I'm Lazy

Peace.


I’m lazy. And I’m ok with that…..

I am of the opinion that folks do too much. I used to work with this woman who was from Turkey. She could not understand why I was working 2 jobs when I was married and my husband worked. I explained that I wanted the money. We worked the same position and started at the same time. Our salaries were the same so she knew how much I made. She then asked me when is enough, enough?

That got me thinking… and I have kept thinking to this day. Yacub’s world manifest teaches that we should always work and work to have more and more. Our closets are full as are our pantries. We have no time for anything other than the acquisition of wealth. We pass these traits on to our kids who are so over scheduled that we have to schedule play dates for them with other over scheduled children. I say ENOUGH!

After my contract ran out for the job with the Turkish woman, I moved to Atlanta with my late husband. I was starting completely fresh and it gave me an opportunity to slow down. I didn’t know anyone in Atlanta and didn’t have the concern that someone would call me lazy. My husband grew up in a household where his father was the breadwinner and his mother was home all the time. He never expected me to NOT work, but Atlanta had other plans for me. It took me FOREVER to find a job and even when I found one it was only part time. In the mean time, I was at home doing the housewife thing. And my Hubby was a happy man. We got along great. Because there was never any question about who was going to take care of what. He earned the money, I cared for the house. We never bickered about who was going to clean up or cook. I was never too tired to meet his needs. He understand he had to pay for my needs that included hair, nail and spa visits. We took vacations, and spent some quality time together that we never had when I was so over scheduled. I t was a good time and has changed me forever.

You know who was mad? Other people. They tried to make me feel bad and when that was unsuccessful, they went after hubby. Whispering in his ear that I needed to be working full time. Oh how we could have so much more if I would just work more. Have him question me about what I did all day while he worked. Folks can be super shady. And not none of this was anyone else’s business. Even my own mother called me names. She’d remind me how hard she had worked and that I was doing her name a disservice by allowing my husband to indulge me. WTF??? My mother & father-in-law were the only people that encouraged us to have our marriage our own way. They told us folks treated them the same way.

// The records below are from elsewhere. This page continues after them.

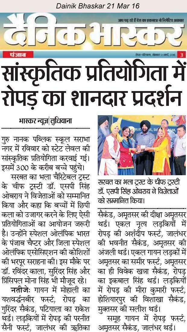 Guru Nanak Public School Sarabha Nagar in Ludhiana organized state level cultural competition
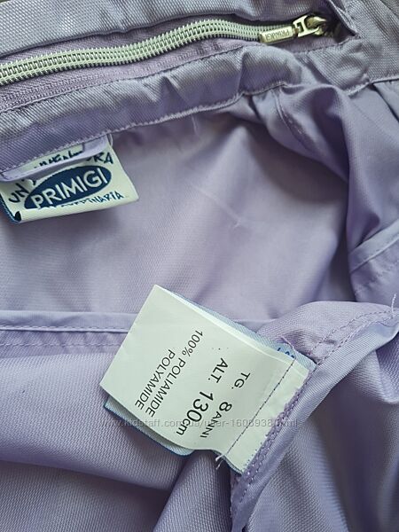 Детская итальянская ветровка нежно фиолетового цвета бренда primigi. Структура шелковая, внутри ткань с пропиткой. Есть капющон, который прячется в воротник, также есть карманы. Размер 8лет, на рост 130 см. Абсолютно новая. Замеры: ПОГ 41 см, Высота 48 см Рукав от плеча 50,5 см
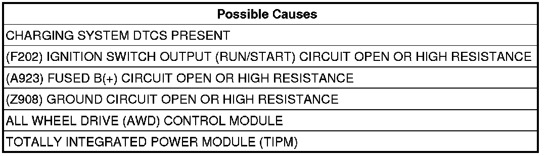 The All Wheel Drive Control Module detects that system voltage is below 8.0 volts for 10 seconds.

My coworker is money hungry. A patient came in the office with a large golden eagle on a golden chain and all she talk about is how much money he could get if he sold/pawned it. She has been after me to sell my wedding set from my late husband and previous engagements. Why??? If I sold anything she wouldn’t get any money from the transaction. Is it that she doesn’t want me to have nice things? Possibly. But what I see in her life is she is on a constant hunt for money. She is always looking for another job opportunity. Avon, Mary Kay, Amway, 31, and all kinds of stuff. You would think since she is super close to 65 she’d be rich by now…. But she isn’t far from it. She bought into the constant grind thing. And has no peace.

I do not have to be busy every single moment of the day. I’m entitled to some down time. And I refuse to be made guilty because an external individual says that I’m lazy or self-indulgent. Yes I work full time now. And I sleep as much as I work. I do facials and get my nails done. These things are important to me. And I don’t’ give 2 fucks about what people around me have to say.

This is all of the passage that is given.